▶ [What to produce]: Excluding pictures, retype the line with "De halfopen keuken" and each line that follows it to the end of the data below, word for word.

=== Begin Enclosure ===

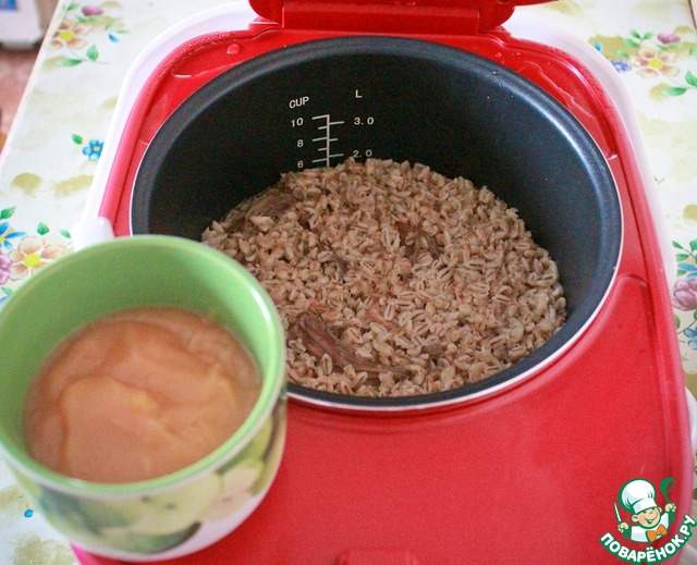 Рецепт "Перловка с говяжьей лыткой и яблочным пюре, приготовленная в мультиварке":
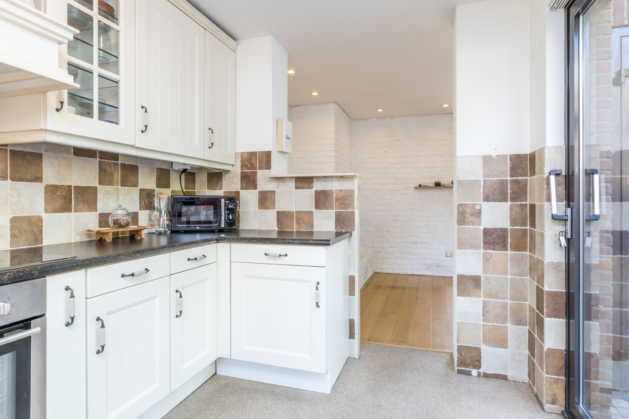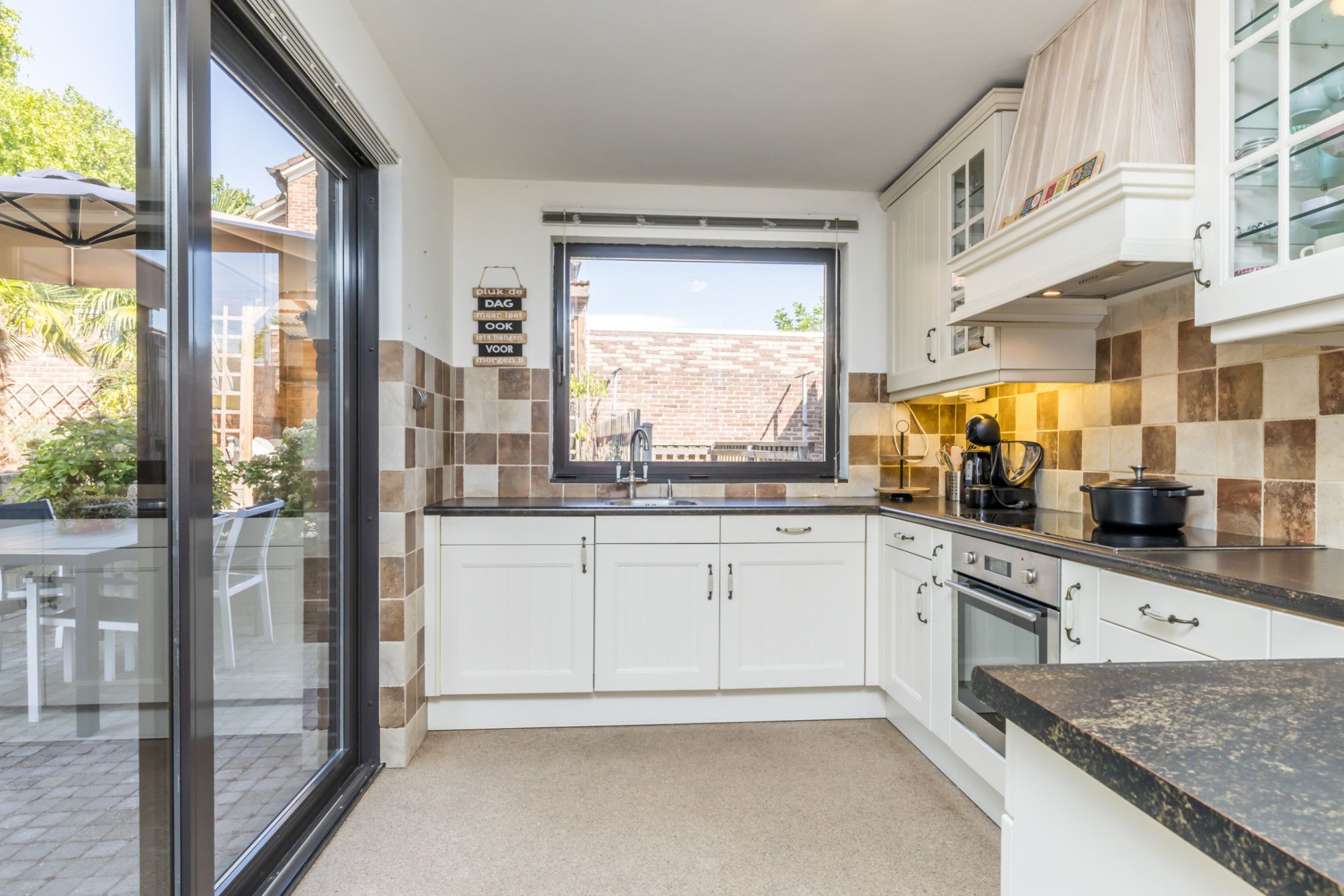 De halfopen keuken is gerealiseerd in de aanbouw en is opgesteld in een functionele U-vorm en voorzien van diverse inbouwapparatuur, waaronder een 5-pits keramische kookplaat, een elektrische oven, een afzuigkap en een koelkast. De keuken is afgewerkt met een grindvloer en biedt tijdens het koken zicht op de achtertuin.
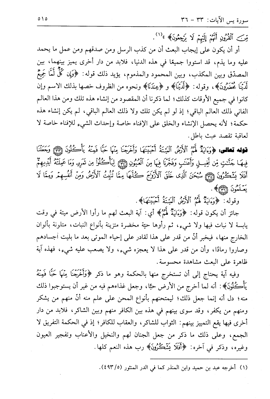 وقوله: (وَآيَةٌ لَهُمُ الْأَرْضُ الْمَيْتَةُ أَحْيَيْنَاهَا).
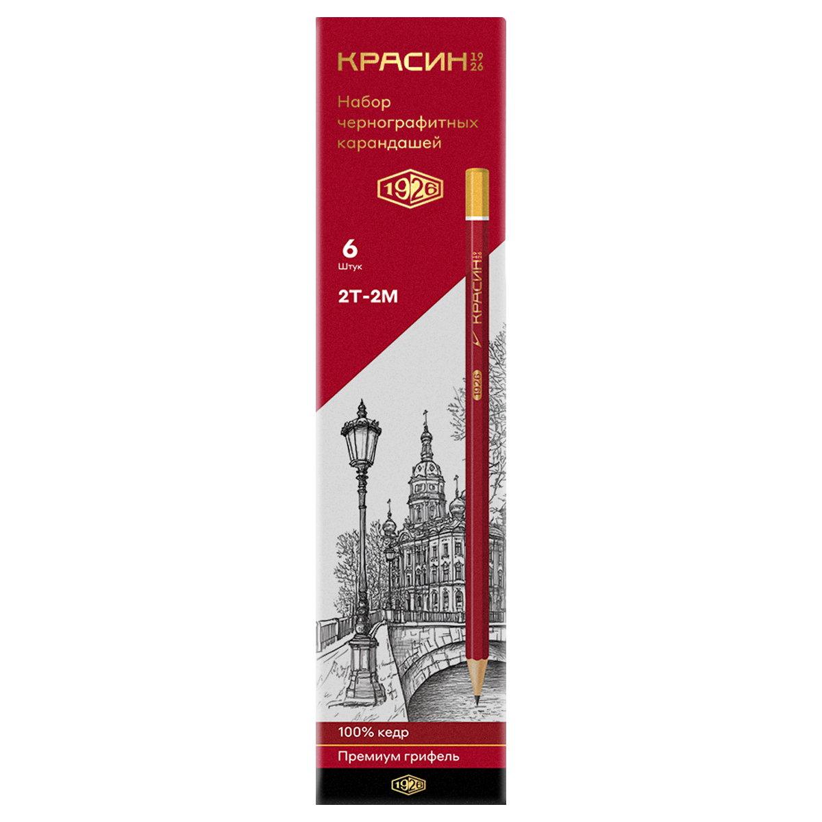 Изысканный винный красный цвет в сочетании с золотым тиснением придает карандашу благородный вид. Набор 2Т(Н)-2М(В) включает в себя основные твердости грифеля: 2Т, Т, ТМ, М, 2М. Это оптимальный набор для создания качественного рисунка или чертежа. Карандаши поставляются заточенными, упакованы в картонную коробку с европодвесом.
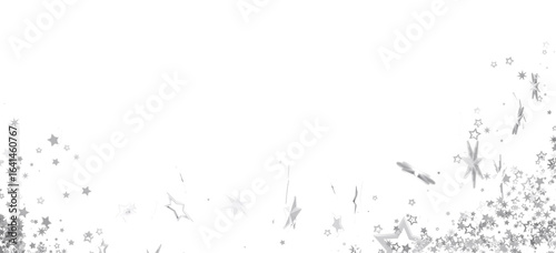 Elegant silver stars confetti on white. Perfect for holidays, events, and festive designs.
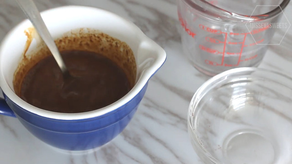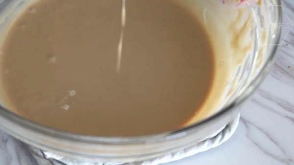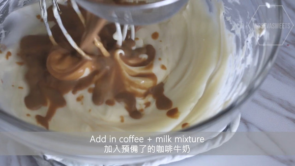 5. 打軟忌廉芝士,加入砂糖攪拌至順滑,再混合分次咖啡牛奶、魚膠溶液

=== End Enclosure ===

▶ [Problem solution]:
 De halfopen keuken is gerealiseerd in de aanbouw en is opgesteld in een functionele U-vorm en voorzien van diverse inbouwapparatuur, waaronder een 5-pits keramische kookplaat, een elektrische oven, een afzuigkap en een koelkast. De keuken is afgewerkt met een grindvloer en biedt tijdens het koken zicht op de achtertuin.
 وقوله: (وَآيَةٌ لَهُمُ الْأَرْضُ الْمَيْتَةُ أَحْيَيْنَاهَا).
 Изысканный винный красный цвет в сочетании с золотым тиснением придает карандашу благородный вид. Набор 2Т(Н)-2М(В) включает в себя основные твердости грифеля: 2Т, Т, ТМ, М, 2М. Это оптимальный набор для создания качественного рисунка или чертежа. Карандаши поставляются заточенными, упакованы в картонную коробку с европодвесом.
 Elegant silver stars confetti on white. Perfect for holidays, events, and festive designs.
 5. 打軟忌廉芝士,加入砂糖攪拌至順滑,再混合分次咖啡牛奶、魚膠溶液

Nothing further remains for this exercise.